Records for this exercise →
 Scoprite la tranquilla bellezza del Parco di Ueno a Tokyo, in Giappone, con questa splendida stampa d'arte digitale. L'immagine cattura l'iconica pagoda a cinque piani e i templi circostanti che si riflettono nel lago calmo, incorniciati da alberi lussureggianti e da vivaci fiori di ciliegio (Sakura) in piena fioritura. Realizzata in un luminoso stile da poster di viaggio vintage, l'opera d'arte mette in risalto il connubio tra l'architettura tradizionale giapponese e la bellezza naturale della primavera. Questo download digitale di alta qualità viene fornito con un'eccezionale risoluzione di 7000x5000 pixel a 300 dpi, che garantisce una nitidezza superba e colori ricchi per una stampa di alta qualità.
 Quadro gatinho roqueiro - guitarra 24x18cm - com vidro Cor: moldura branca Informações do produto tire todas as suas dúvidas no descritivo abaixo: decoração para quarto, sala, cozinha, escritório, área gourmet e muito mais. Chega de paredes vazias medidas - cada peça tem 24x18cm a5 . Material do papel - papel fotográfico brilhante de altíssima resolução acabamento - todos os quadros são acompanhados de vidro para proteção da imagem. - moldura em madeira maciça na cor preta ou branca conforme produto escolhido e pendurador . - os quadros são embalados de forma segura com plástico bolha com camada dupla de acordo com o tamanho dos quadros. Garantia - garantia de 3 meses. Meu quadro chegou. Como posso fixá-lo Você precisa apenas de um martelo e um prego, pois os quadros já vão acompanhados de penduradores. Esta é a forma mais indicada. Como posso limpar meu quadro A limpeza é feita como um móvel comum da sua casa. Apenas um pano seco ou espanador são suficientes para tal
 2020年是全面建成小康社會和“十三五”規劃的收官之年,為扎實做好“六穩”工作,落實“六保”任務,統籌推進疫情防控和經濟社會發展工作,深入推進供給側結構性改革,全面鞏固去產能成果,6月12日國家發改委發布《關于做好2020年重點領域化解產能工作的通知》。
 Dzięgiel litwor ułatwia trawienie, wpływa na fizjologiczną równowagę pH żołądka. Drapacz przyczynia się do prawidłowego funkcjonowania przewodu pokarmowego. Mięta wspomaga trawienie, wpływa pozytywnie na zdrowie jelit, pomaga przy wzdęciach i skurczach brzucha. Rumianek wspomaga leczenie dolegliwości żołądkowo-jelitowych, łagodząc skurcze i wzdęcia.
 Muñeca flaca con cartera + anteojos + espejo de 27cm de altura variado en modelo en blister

...

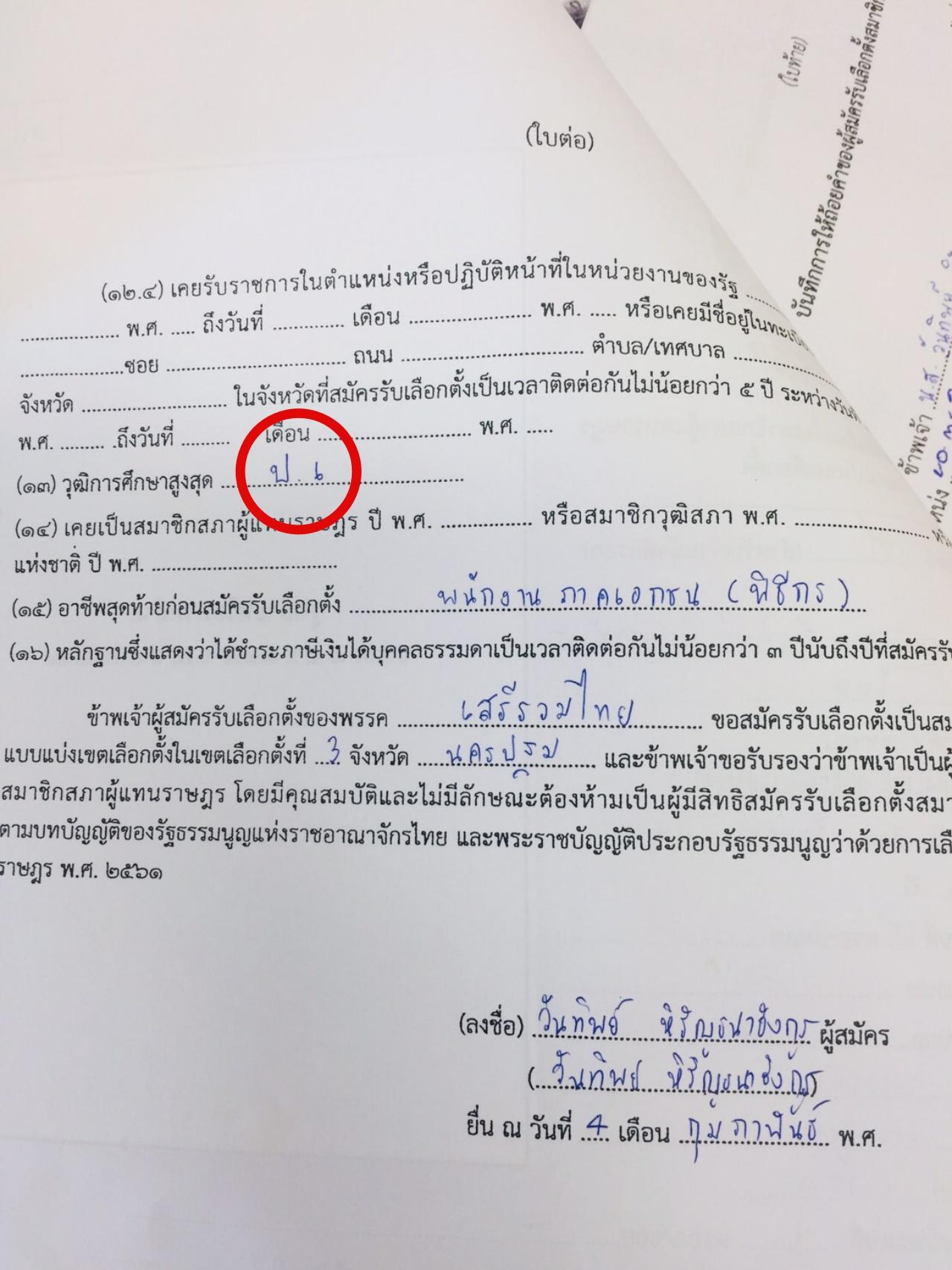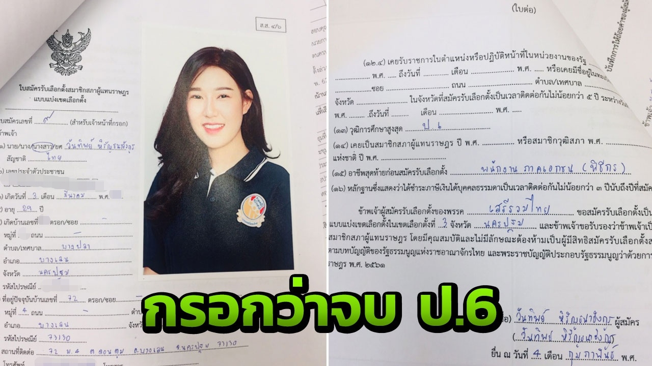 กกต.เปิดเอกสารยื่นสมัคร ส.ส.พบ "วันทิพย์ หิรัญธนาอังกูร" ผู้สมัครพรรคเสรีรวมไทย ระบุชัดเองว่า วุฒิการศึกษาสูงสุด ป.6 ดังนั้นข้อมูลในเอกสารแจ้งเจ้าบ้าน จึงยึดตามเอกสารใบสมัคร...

Brief → Would you print exactly, and only, the lines of the data above from the line with "Dzięgiel litwor ułatwia" through the line with "Muñeca flaca con", inclusive?

Written reply →
 Dzięgiel litwor ułatwia trawienie, wpływa na fizjologiczną równowagę pH żołądka. Drapacz przyczynia się do prawidłowego funkcjonowania przewodu pokarmowego. Mięta wspomaga trawienie, wpływa pozytywnie na zdrowie jelit, pomaga przy wzdęciach i skurczach brzucha. Rumianek wspomaga leczenie dolegliwości żołądkowo-jelitowych, łagodząc skurcze i wzdęcia.
 Muñeca flaca con cartera + anteojos + espejo de 27cm de altura variado en modelo en blister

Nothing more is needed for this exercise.